All six ergolene derivatives were found to increase the concentration of 4-hydroxy-3-methoxyphenylethylene glycol sulphate in the brain stem, i.e., to increase the turnover of noradrenaline (NA). Since in brain homogenates the agents inhibited the binding of 3H-dihydroergocryptine to α-adrenoceptors, but only weakly inhibited the binding of 3H-alprenolol to β-adrenoceptors, it is suggested that the increased turnover of NA may be a consequence of a blockade of α-adrenoceptors by ergolenes.

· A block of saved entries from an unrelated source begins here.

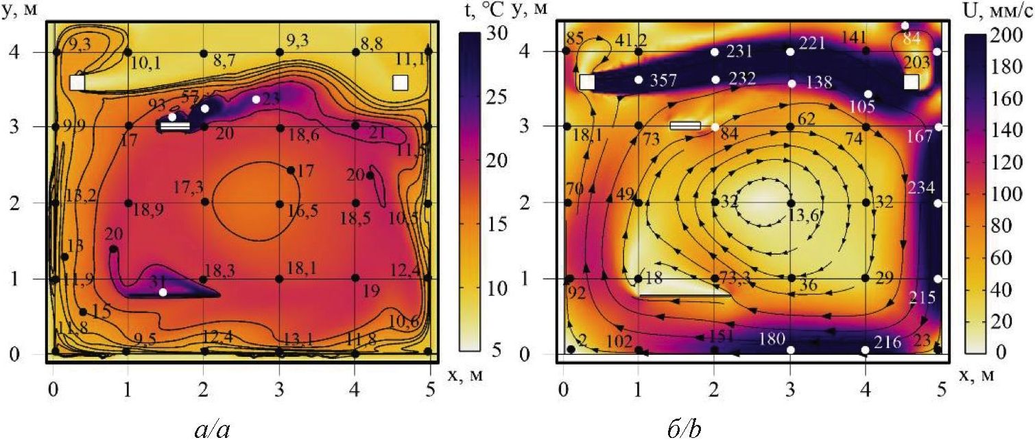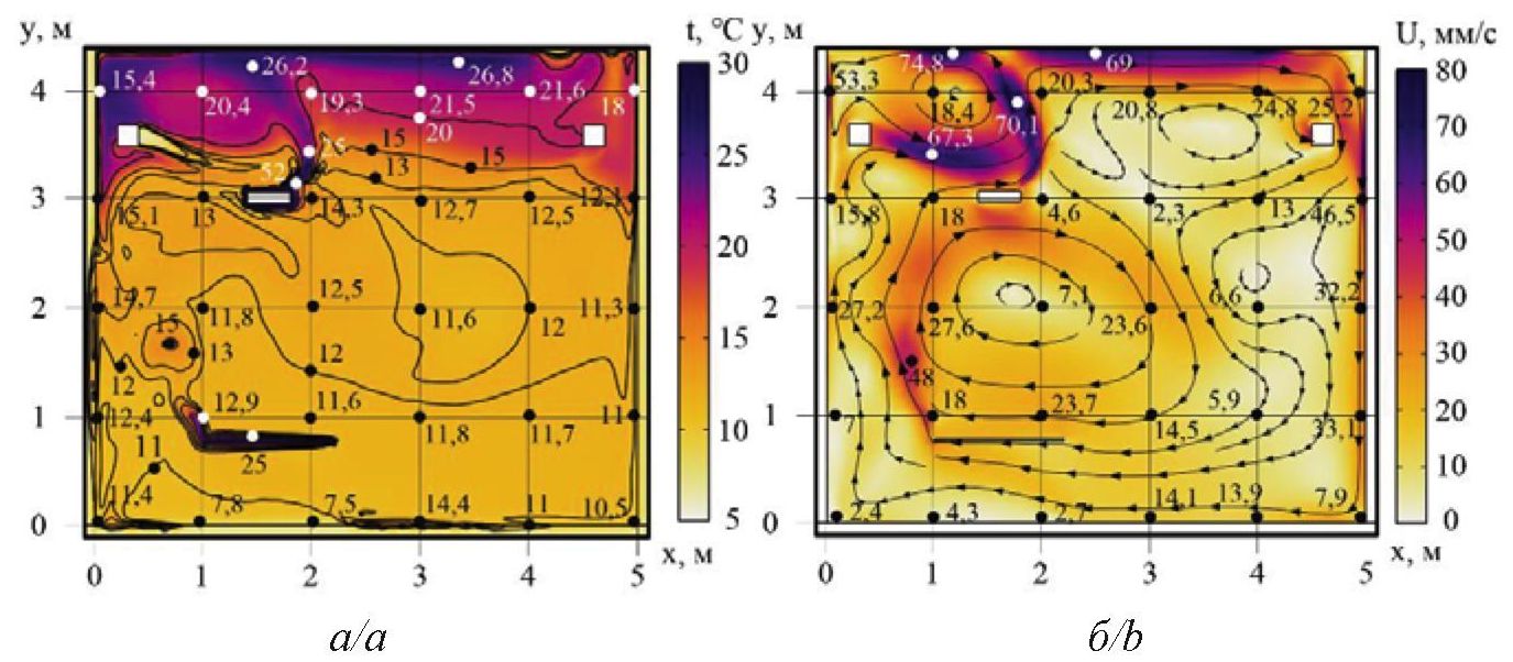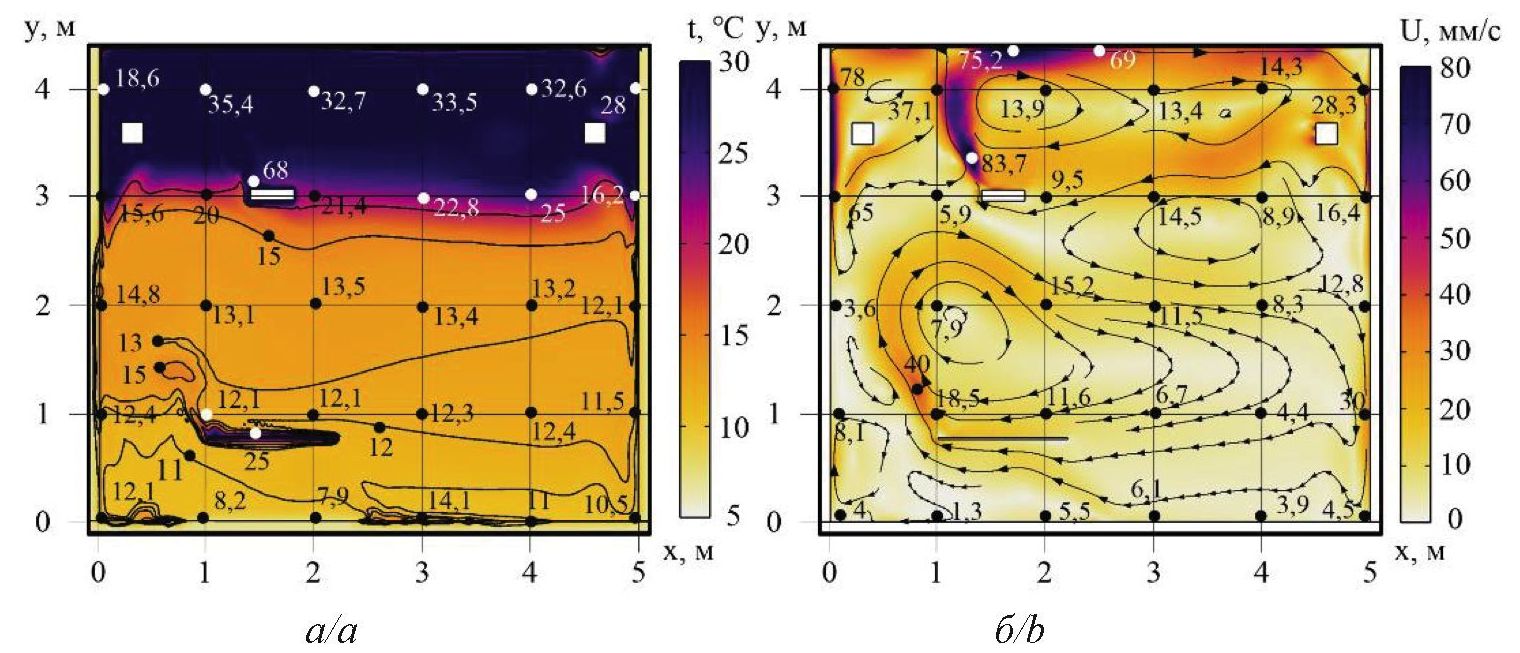 При расходе 11×10⁻⁴ кг/(с×м³), что соответствует Ri≈7,5, влияние вынужденной конвекции становится превалирующим (рис. 13). Поток относительно холодного воздуха внешней среды формирует развитое циркуляционное течение (рис. 13, б) и понижает общую температуру воздуха, во многом подавляя термогравитационную конвекцию от слабопрогревающихся стен и пола, но увеличивает среднюю температуру в локальной рабочей зоне (рис. 13, а). В этом случае температура над поверхностью оборудования увеличивается до 31 ℃. В рабочей зоне (20 см) слева и справа от панели значения температур также увеличиваются (рис. 13, а), что способствует формированию более комфортных условий работы (микроклимата).
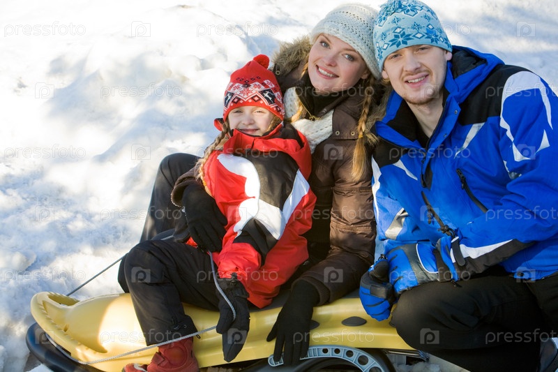 Портрет спортивной семьи, сидящей вместе на санях
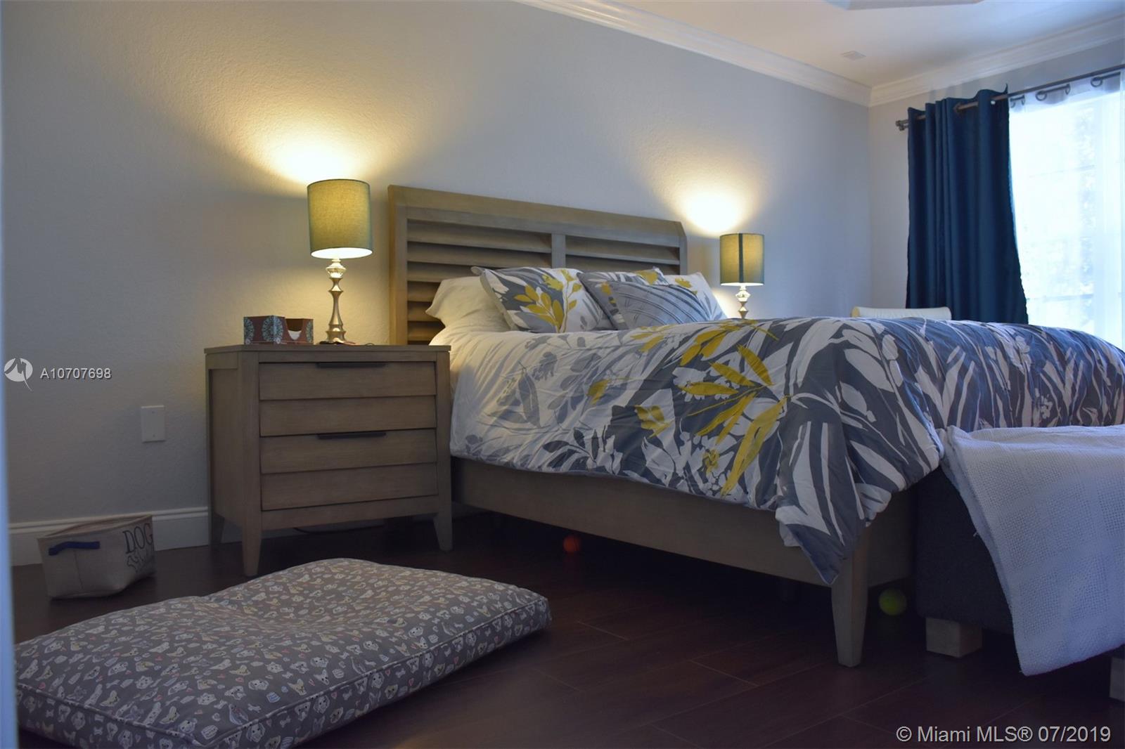 BRIGHT AND MODERN, 4 bedroom, 2.5 bathroom townhome in the desirable Silver Falls community. Crown molding throughout the house. Upgraded kitchen with quartz countertops. CUSTOM zebra shade. Upgraded bathrooms. Spacious master suite with tray ceiling and TWO walk-in closets with built-in organizers. Upstairs laundry with newer washer and dryer. Modern stair railing. Beautiful back patio with privacy fence. Accordion shutters for every opening. Impact garage door and front door. Spacious two-car garage with new lighting and ceiling storage rack. HOA fee includes: cable TV, landscaping maintenance, insurance (exterior walls and roof), 24 hour guard gate and wonderful community amenities( tennis, and basketball courts, clubhouse, pool and playgrounds). Truly move-in ready. Bring your offers!
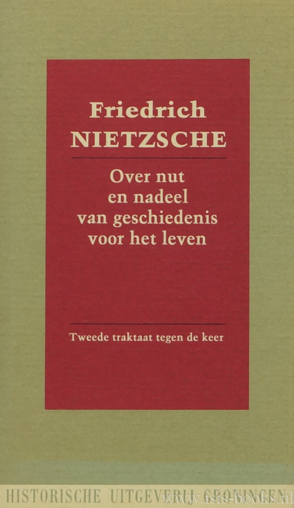 Over nut en nadeel van geschiedenis voor het leven. Tweede traktaat tegen de keer. Vom Nutzen und Nachteil der Historie für das Leben. Zweite unzeitgemässe Betrachtung 1874. Met een nawoord van F.R. Ankersmit. Nederlandse vertaling: vertalerscollectief Groningen.
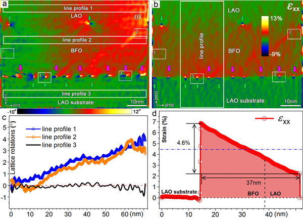 (c)对应(b)中的白色矩形沿面外方向应变线分布。注意在整个BiFeO3/LaAlO3/BiFeO3三层纳米结构中都产生了明显的晶格旋转及其伴随的沿面外方向的线性应变梯度;除了第一层BiFeO3/LaAlO3(001)由高通量沉积制备的界面,其它界面都只有弛豫失配应变的a[010]位错,没有弛豫晶格旋转的a[011]位错,从而使得线性应变梯度能够在整个三层纳米结构中得到保持。
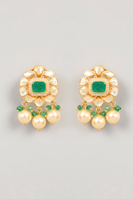 22kt gold plated with intricate detailing, Moissanite polki embellishments, Bead and pearl drop accents
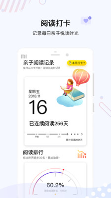 既能记录,又能打卡,还能查看多项排行(排名、名次百分比)。更重要的是享受你与宝宝的亲子阅读时光。
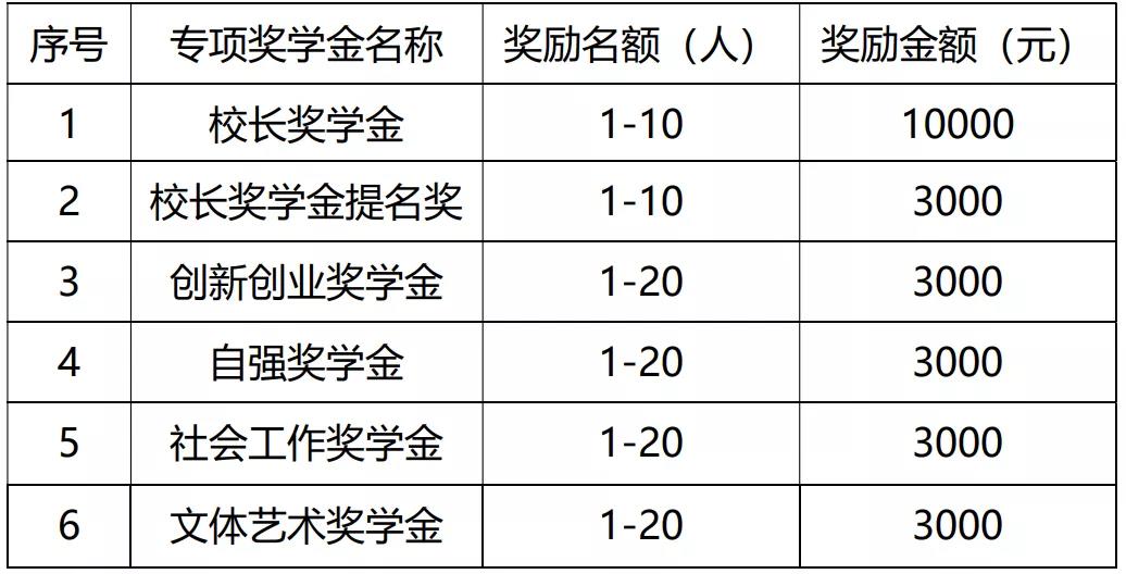 第十二条 专项奖学金的奖励名额与标准:
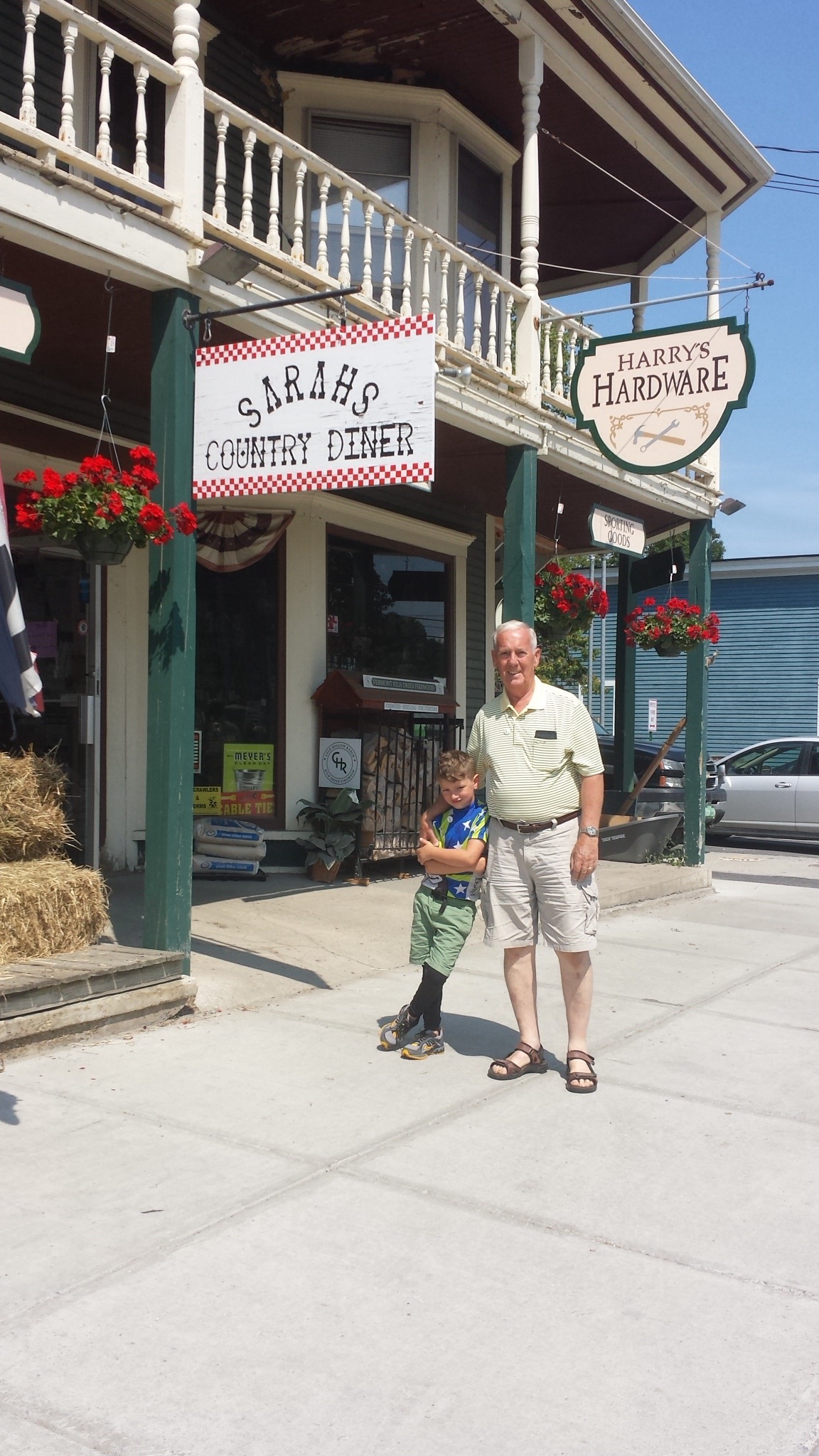 Yesterday afternoon Bill and I took Joseph with us to tour the Cabot cheese factory. The tour was interesting and the samples were, of course, extraordinary. But the best part was lunch afterwards. Bill asked the Cabot people for a recommendation of a place for lunch. Sarah’s Diner, behind the hardware store, the young woman told him. We walked to the hardware store, expecting to see a diner sitting behind it. Nope. You had to actually walk through an old fashioned, small town hardware store, and the tiny diner was in the back. Two tables and a four-stooled counter. Four or five things on the menu. The owner, Sarah, was all by herself. She took orders and then went behind the counter to cook your food. I was looking around for Aunt Bea.
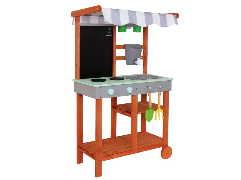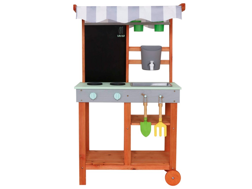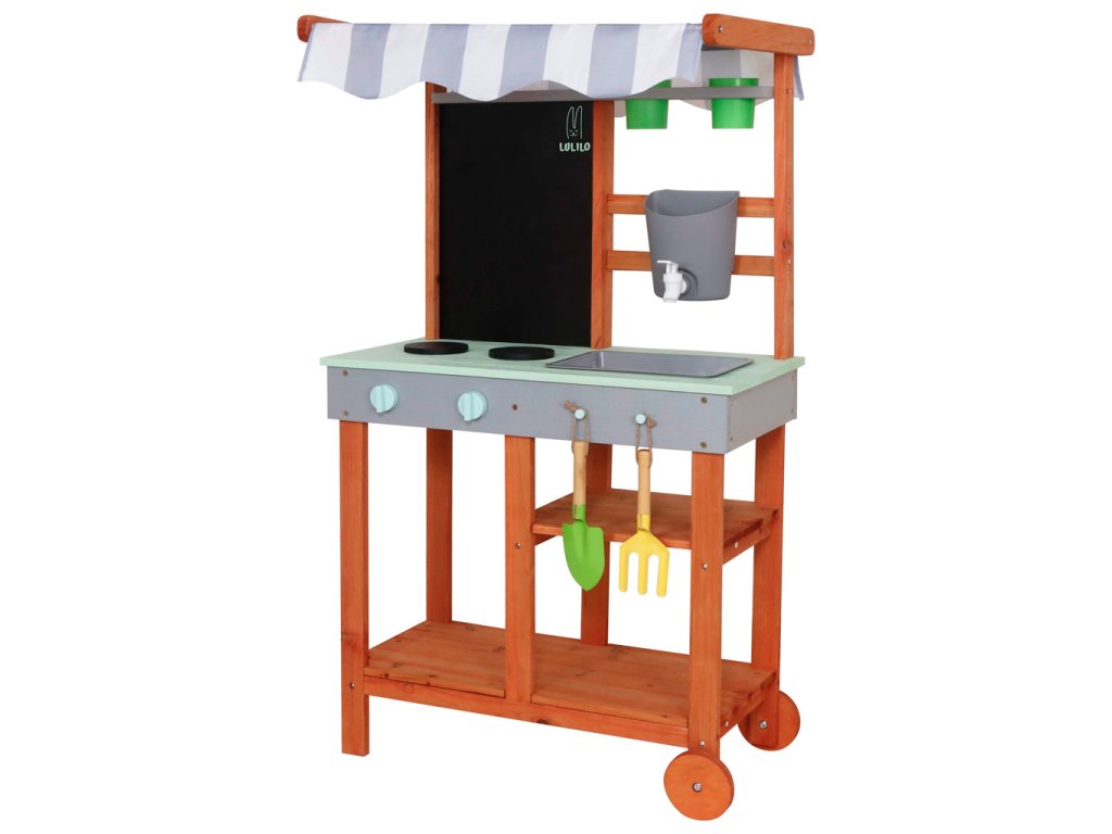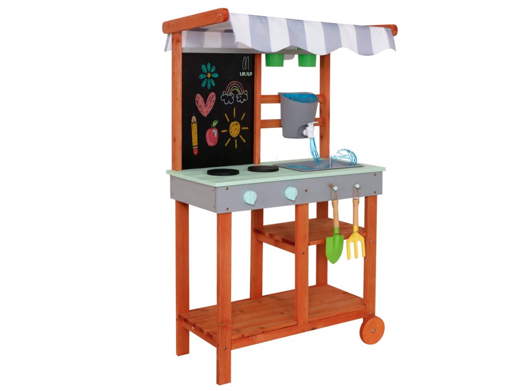 Je to víc než jen hračka – je to zahradní kuchyňka navržená v souladu s přírodou a potřebami dítěte. Tato kuchyňka je vyrobena z impregnovaného, povětrnostním vlivům odolného jedlového dřeva a má odolné dřevo a pevnou konstrukci, která vydrží intenzivní hraní po mnoho sezón.

All of the ergolenes increased the concentration of serotonin (5-HT) in the cortex, but only bromocriptine and 29-712 increased the concentration of 5-hydroxyindoleacetic acid (5-HIAA), the other compounds decreasing the concentration of this metabolite, i.e., inhibiting 5-HT turnover. Reserpine-induced PGO waves in the cat were inhibited by all six compounds, bromocriptine and 29-712 being the least active. Both of these findings suggest that the ergolenes possess serotonergic activity. The increase in the concentration of 5-HIAA after bromocriptine and 29-712 may be secondary to some action on other systems.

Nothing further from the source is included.